Results are written to .agentv/results/eval_<timestamp>.jsonl. Each line is a JSON object with one result per test case.

Each scores[] entry includes per-grader timing:

{
"scores": [
{
"name": "format_structure",
"type": "llm-grader",
"score": 0.9,
"verdict": "pass",
"hits": ["clear structure"],
"misses": [],
"duration_ms": 9103,
"started_at": "2026-03-09T00:05:10.123Z",
"ended_at": "2026-03-09T00:05:19.226Z",
"token_usage": { "input": 2711, "output": 2535 }
}
]
}

The duration_ms, started_at, and ended_at fields are present on every grader result (including code-grader), enabling per-grader bottleneck analysis.
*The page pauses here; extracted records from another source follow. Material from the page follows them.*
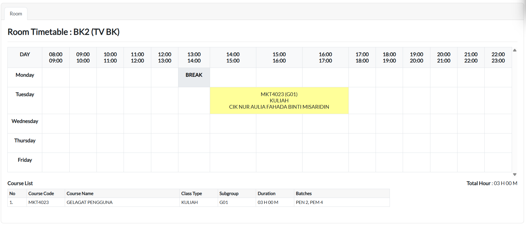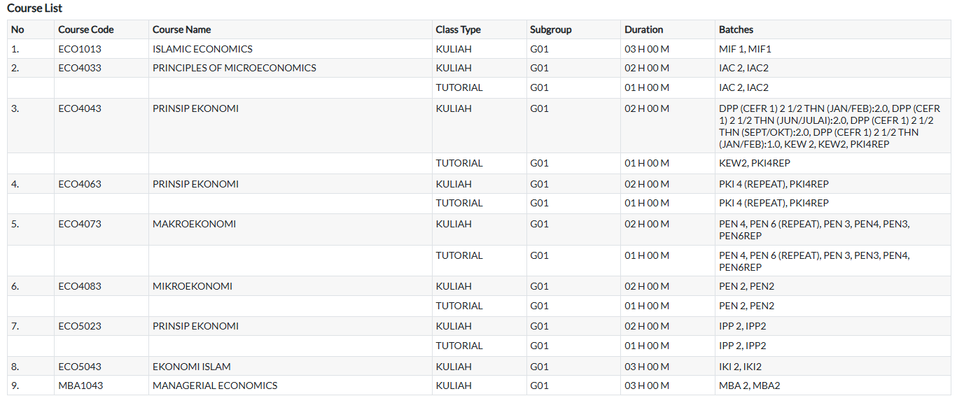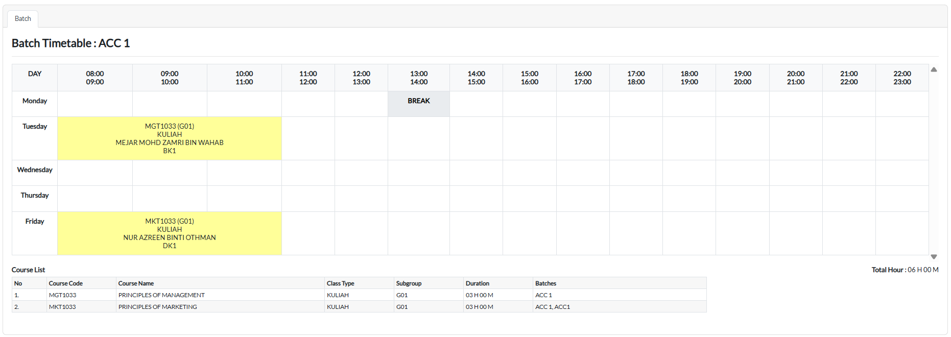 The timetable will appear along with total workload hours and a Course List (course code, name, type, subgroup, duration, batch).
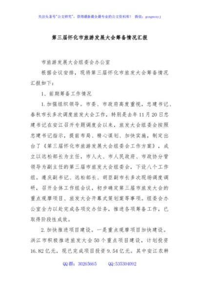 第三届怀化市旅游发展大会筹备情况汇报
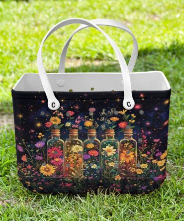 Enchanting Floral Tote Bag With Cosmic Night Sky Design – Perfect For Stylish Outings
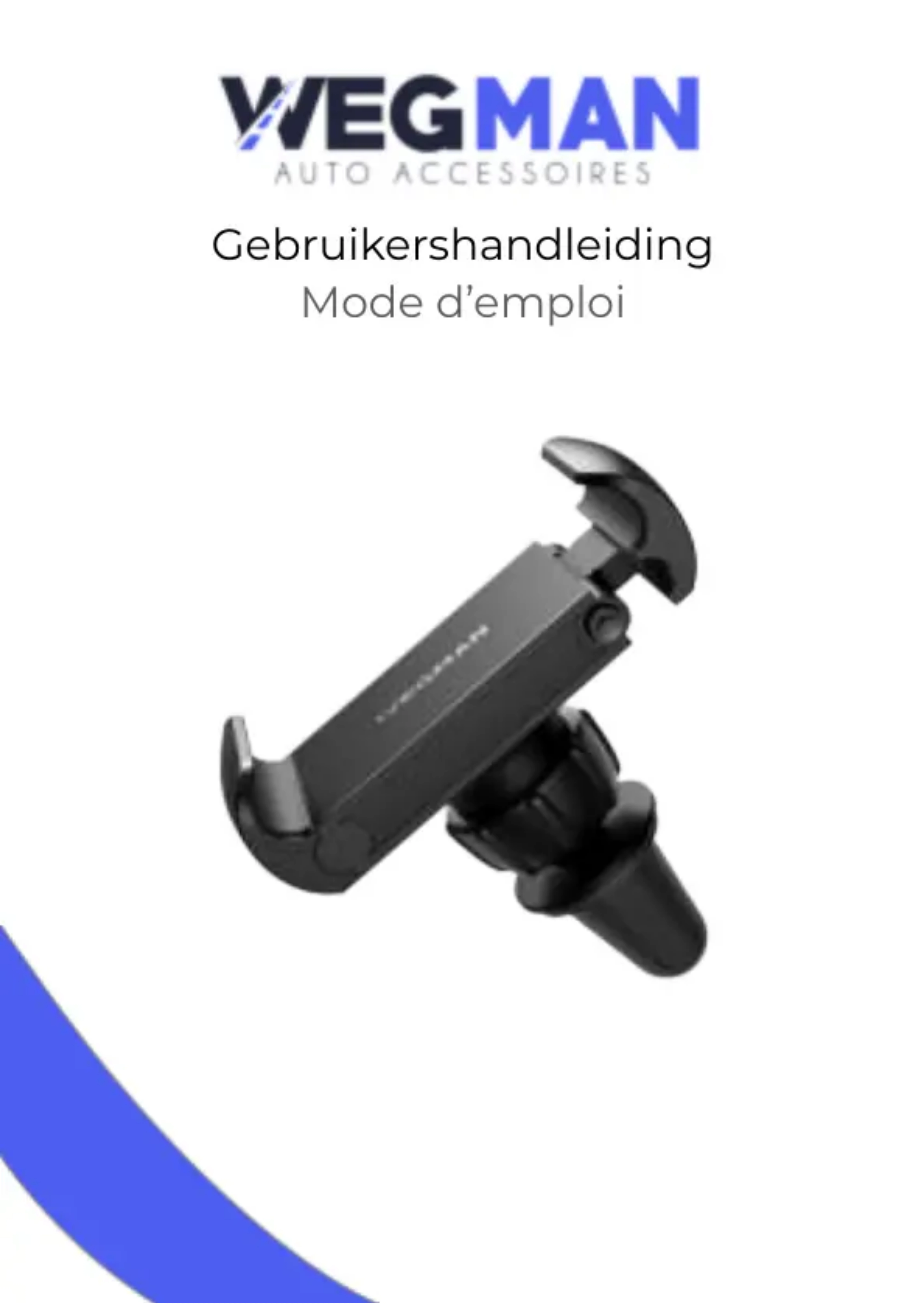Gebruikershandleiding Mode d’emploi! Zet de telefoonklem en de roosterclip in elkaar - Assemblez la pince de téléphone et le clip de grille Steek eerst de kogel in de moer en steek hem dan in de bout aan de achterkant van de telefoonhouder, draai daarna de moer vast. " Insérez d'abord la bille dans l'écrou, puis dans le boulon situé à l'arrière du support du téléphone, ensuite serrez l'écrou. Eerste installatie - Première installation Plaats je telefoon in de klem - Placez votre téléphone dans la pince De makkelijkste manier om je telefoon vast te klemmen is door de zijkant van de telefoon tegen het beweegbare stuk van de klem te duwen." La façon la plus facile de fixer votre téléphone est de pousser le côté du téléphone contre la partie mobile de la pince.! Plaats de houder in het ventilatierooster - Placez le support dans la grille de ventilation Schuif de siliconen clip van de houder zo diep mogelijk in het ventilatierooster, totdat de houder stevig vast zit." Faites glisser le clip en silicone le plus profondément possible dans la grille de ventilation, jusqu'à ce que le support soit fermement en place. Positie van de telefoon - Positionner le téléphone Roteer de kop van de houder - Faites tourner la tête du support Dankzij de kogel, kan je de telefoonklem in alle mogelijke richtingen bewegen. Plaats je telefoon horizontaal of verticaal en kantel het scherm naar boven of onder voor de beste kijkhoek." Grâce à la bille, vous pouvez tourner la pince du téléphone dans toutes les directions possibles. Placez votre téléphone à l'horizontale ou à la verticale et inclinez l'écran vers le haut ou le bas pour obtenir le meilleur angle de vue.De telefoon uit de klem verwijderen - Enlever le téléphone de la pince De makkelijkste manier om je telefoon uit de klem te halen is door de zijkant van de telefoon tegen het beweegbare stuk van de klem te duwen." La façon la plus facile d’enlever le téléphone de la pince est de pousser le côté du téléphone contre la partie mobile. De telefoon verwijderen - Enlever le téléphone De houder verwijderen - Détacher le support Om de houder uit de auto te verwijderen, schuif je de siliconen clip uit het ventilatierooster. De telefoonklem hoef je niet telkens van de siliconen clip los te maken." Pour retirer le support de la voiture, faites glisser le clip en silicone hors de la grille de ventilation. Il n’est pas nécessaire de détacher à chaque fois la pince du téléphone du clip en silicone.
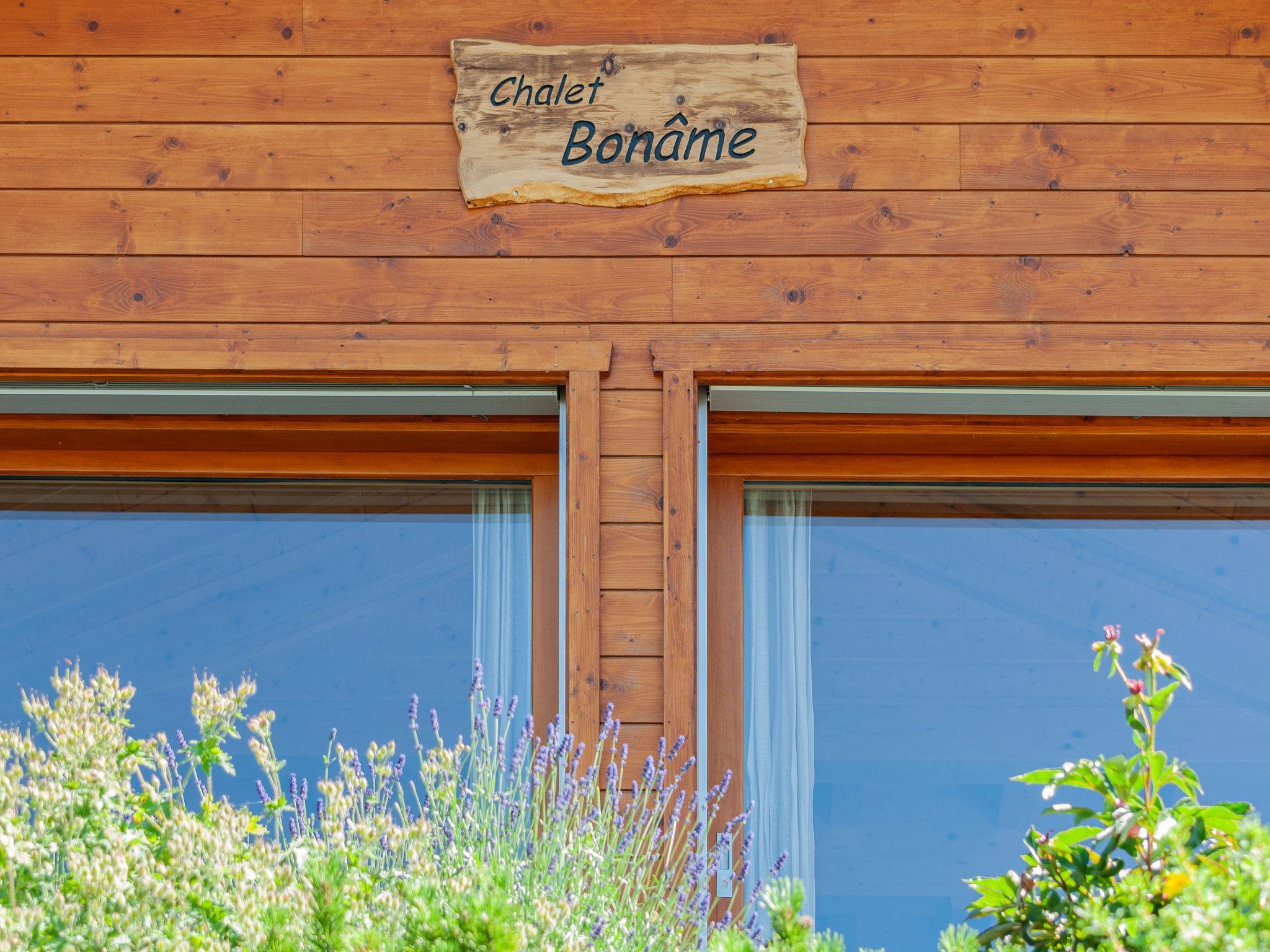 Sehr schönes Chalet "Bonâme", auf 3 Stockwerken, Baujahr 2010. Am Ortsrand, ruhige Lage. Zur Alleinbenutzung: wunderschöner Garten zum Entspannen. Im Hause: Skischuhtrockner. Im Winter bitte Schneeketten mitbringen, im Winter 4x4 empfohlen. Parkplatz, Einzelgarage. Einkaufsgeschäft 1.3 km, Supermarkt 1.6 km, Restaurant 1.3 km, Bushaltestelle "Haute-Nendaz, télécabine" 1.3 km, Bahnstation "Sion" 17.7 km. Golfplatz (18 Loch) 18 km, Skibushaltestelle 300 m, Kinderspielplatz 1.6 km. Bekannte Skigebiete sind gut erreichbar: Nendaz 4 vallées Tracouet 1.3 km. Wandergebiete: Bisse Vieux 400 m. Der Besitzer akzeptiert keine Jugendgruppen.
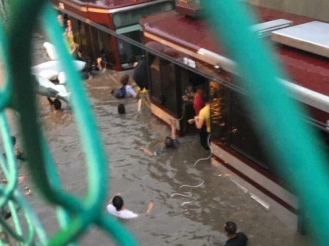 De acuerdo a las autoridades, la inundación fue en la zona de la estación Dermatológico de la Línea1 del tren ligero, donde se suspendió el servicio y los usuarios fueron desalojados y rescatados.
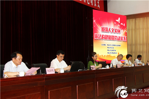 6月14日,佛山市人力资源和社会保障局、市总工会、市企业联合会、市工商联在市政府机关小礼堂,联合举行“2016年佛山市开展构建和谐劳动关系系列宣传活动启动仪式”。佛山市人大常委会副主任、市总工会主席林征,市政府副市长王玲,市人力资源社会保障局局长刘珊,市总工会常务副主席刘光辉等领导出席启动仪式,对构建和谐劳动关系工作做出重要指示。
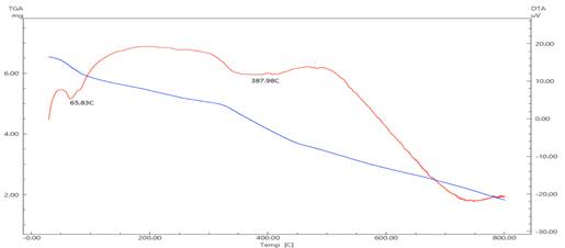 Термический анализ – термическую стабильность синтезированных модифицированных веществ анализировали с использованием дифференциально-термических и термогравиметрических методов на приборе японской фирмы SHIMADZU. Методы анализа SHIMADZU (синхронный термический анализ) ТГ и ТГ-ДТА, ТГ-ДСК представляют собой простую в использовании, надежную и высокоэффективную платформу термического анализа. Исследование проводилось на дериватографе со скоростью 10 град/мин, с чувствительностью гальванометров Т-900, ТГ-200, ДТА-1/10, ДТГ-1/10 и с автоматической регистрацией дериватограммы на компьютере. Образец исследуемых образцов массой 15–16 мг помещали в тигель диаметром 10 мм из оксида алюминия и платины, устойчивый к температуре 1650°С, без крышки.
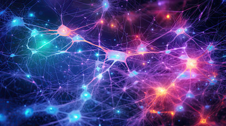 Intricate neural pathways illuminated with vibrant connections showcasing science and technology
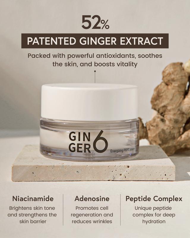 ·Ginger Water - Infused with 52% patented ginger, the PEPTI Cream utilizes ginger's natural soothing and antioxidant properties to support overall skin health, calming irritation and redness for a balanced, even complexion.
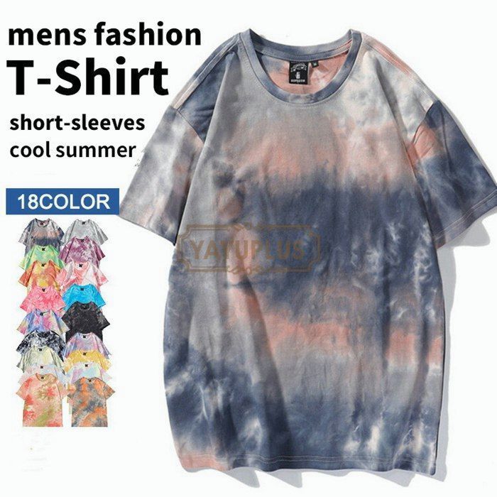 タイダイTシャツ メンズ Tシャツ 染め tシャツ ティーシャツ 夏服 半袖 カットソー トップス クルーネック Tシャツ メンズ 半袖 M L LL 全18種 新作 春 夏 服\u0001
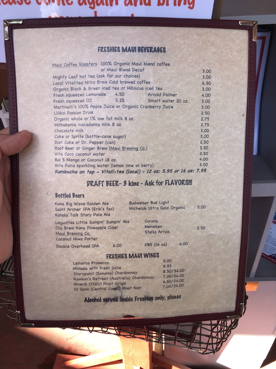 If you crave something heartier, dive into the Chicken Burrito Sandwich or the famously satisfying Grilled Fish Taco, each beautifully garnished and brimming with flavor. The inviting atmosphere, a blend of cozy country decor and outdoor charm, enhances your dining experience—perfect for a relaxing meal. With friendly service and reasonable prices, Freshies Maui is a must-visit for anyone exploring the culinary treasures of Hawaii.
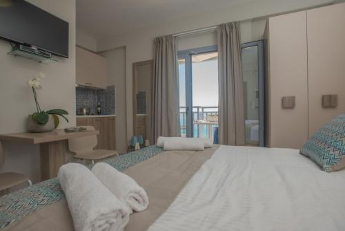 Athina Residence erbjuder boende 40 meter från stranden i Lentas. Här har du utsikt över havet och den berömda Lion Rock.

Run against a different target than specified in the eval file:

Terminal window
agentv eval --target azure-base evals/**/*.yaml

Run a single test by ID:

Terminal window
agentv eval --test-id case-123 evals/my-eval.yaml

Test the harness flow with mock responses (does not call real providers):

Terminal window
agentv eval --dry-run evals/my-eval.yaml
Terminal window
agentv eval evals/my-eval.yaml --out results/baseline.jsonl

Export execution traces (tool calls, timing, spans) to files for debugging and analysis:

Terminal window
# Human-readable JSONL trace (one record per test case)
agentv eval evals/my-eval.yaml --trace-file traces/eval.jsonl
# OTLP JSON trace (importable by OTel backends like Jaeger, Grafana)
agentv eval evals/my-eval.yaml --otel-file traces/eval.otlp.json
# Both formats simultaneously
agentv eval evals/my-eval.yaml --trace-file traces/eval.jsonl --otel-file traces/eval.otlp.json

The --trace-file format writes JSONL records containing:

  • test_id - The test identifier
  • target / score - Target and evaluation score
  • duration_ms - Total execution duration
  • spans - Array of tool invocations with timing
  • token_usage / cost_usd - Resource consumption

The --otel-file format writes standard OTLP JSON that can be imported into any OpenTelemetry-compatible backend.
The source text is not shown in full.